20Alors, devrions-nous considérer la psychogenèse de la découverte scientifique comme celle d’un rêve ? Quand nous pensons que les formations géométriques apparaissent comme les symboles de relations humaines, que l’idée de la géométrie absolue concentre le traumatisme de la séparation, la conception épigénétique, l’époque de l’éveil intellectuel, le mouvement social, et que toute cette série de représentations s’appuie sur le souvenir infantile d’une tour hyperbolique : nous pouvons nous sentir dans le domaine des mécanismes du rêve. Cependant, la découverte scientifique n’est tout de même pas un rêve mais une réalité. Un fantasme qui a résisté à l’épreuve de réalité. C’est dans cette force de résistance spécifique qui se transpose du créateur à la création que Hermann reconnaît une autre composante du talent.
21« L’élément héroïque » du talent, au niveau des pulsions, est corrélatif à une sorte de masochisme transitoire. C’est ce qui l’empêche de devenir entièrement la victime de l’influence pathogène des exigences pulsionnelles écartées ou de la culpabilité. Il passe victorieusement l’épreuve de réalité, résiste à la souffrance psychique (et souvent physique) et, se servant de la pensée comme d’un antidote, une sorte de drogue, il parvient finalement à faire correspondre les images surgissant de l’inconscient avec la réalité. Hermann retrouve cette attitude héroïque dans la vie de nombreux créateurs, et dans beaucoup de cas il montre que l’œuvre naît ou mûrit simultanément avec une maladie.
22La maladie est-elle une condition préalable de la création ? Naturellement, non. Les conditions du talent mentionnées jusqu’à présent – de la constellation pulsionnelle jusqu’à l’expérience constituant le modèle – n’ont pas besoin d’atteindre un niveau pathologique. Mais la maladie ne retire rien non plus à la valeur du talent, voire, associée à une tenue morale, peut devenir la source de nouvelles valeurs. Ainsi, la recherche psychanalytique fournit de nouveaux arguments à une conception humaniste déjà connue mais certes pas universellement reconnue. Pour citer les termes de Imre Hermann lui-même :
« La valeur de l’idée… ne dépend pas des composantes subjectives de son origine, mais de ce qu’elle offre à la société et aux hommes de bonne volonté. »
Commentaire actuel de la rédaction
« Transformation d’un matériau vivant en une autre matière vivante sans autre phase transitoire », décrit en physique ce qu’est la sublimation.

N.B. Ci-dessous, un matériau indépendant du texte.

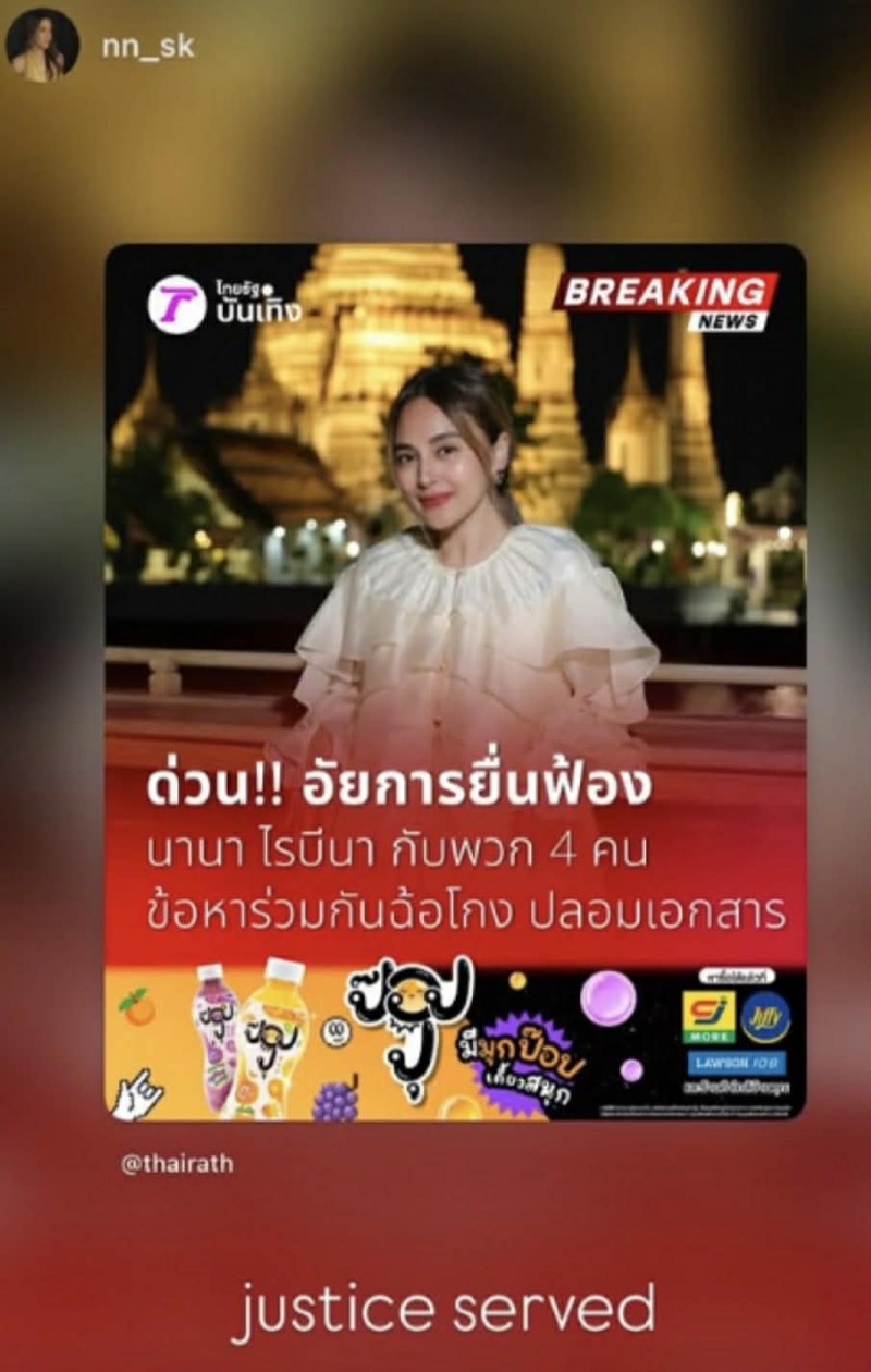 โดย เธอ แชร์ข่าวประเด็นดังกล่าวผ่านอินสตาแกรมส่วนตัว พร้อมเขียนข้อความสั้นๆ เชิงสะท้อนความรู้สึกเกี่ยวกับความยุติธรรม ทำให้ชาวเน็ตเข้ามาแสดงความคิดเห็นจำนวนมาก

Or, l’apport de Hermann en ce bref article met en valeur l’effort pour comprendre et corréler diverses dimensions et facettes de la créativité humaine en éclairant certains aspects de ce que la psychanalyse appelle « sublimation » en son extraordinaire alchimie dont l’effet réussi dépasse le plus souvent son propre créateur. Vikàr nous éclaire sur ce que Hermann a réussi à rassembler en son temps sur le plan psychanalytique, à l’aide de quelques exemples fort précieux de créateurs et découvreurs talentueux, enrichissant ainsi l’analyse si complexe des processus psychiques personnels en jeu, jamais isolés du relationnel.

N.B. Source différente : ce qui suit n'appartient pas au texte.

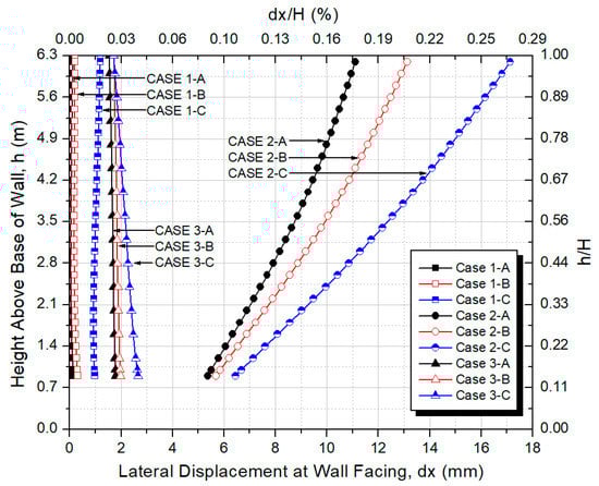 Next, we discuss the GRS-IB versus GRS-IBS models. It is comparable that the GRS-IB (Case 1A–C) and GRS-IBS (Case 2A–C) models exhibited almost similar dy behavior at the top of the wall abutment because these models have geosynthetic reinforcements, although with few reasonable distinctions. The results show that the maximum dy in the GRS-IB models are located within 1.8 m to 2.4 m from the wall facing, while the maximum dy in the GRS-IBS models are located at 1.8 m from the wall facing. Both the GRS-IB and GRS-IBS models showed the maximum dy within the first quarter (0.25 L) to about one-third (0.34 L) of the reinforcement length (L). Hence, one of the few distinctions in the dy behavior of the GRS-IB and GRS-IBS models can be observed from 0.5 m to 2.5 m from the wall facing. This is because for the GRS-IBS model, the bridge loadings are applied directly on top of the bridge seat zone (0.75 m to 2.25 m from the wall facing), which are 2.2–5.6 times greater than the roadway loadings. Another distinction in the dy behavior can be observed at the wall facing. The GRS-IB models exhibited larger dy at the wall facing because the bridge loadings were supported by the 0.90 m-thick FHR facing, whereas the GRS-IBS models had 0.50 m-width block facing that did not carry any external vertical loads. Lastly, it can be observed that after 3.0 m from the wall facing, the GRS-IBS models showed lesser dy than those of the GRS-IB models. In this case, the dy behavior was influenced by the backfill soil deformation during the construction. The GRS-IB models have greater backfill zone deformation than those of the GRS-IBS models because the GRS-IB models have weaker wall facing, thus exhibiting greater wall facing deformation.

Dans l’exemple évoquant le travail de Bolyai, j’ai été frappée de constater la prospective ouverte sur l’idée – pourtant réputée ancienne – de corrélations symboliques et représentatives de l’expression des relations humaines, établies avec le moyen à la fois abstrait et concret de figures géométriques. Cette prospective pourrait maintenant être réexaminée avec les avancées psychanalytiques proposées plus tard par Bion, dans son immense et subtil travail d’analyse sur les transformations.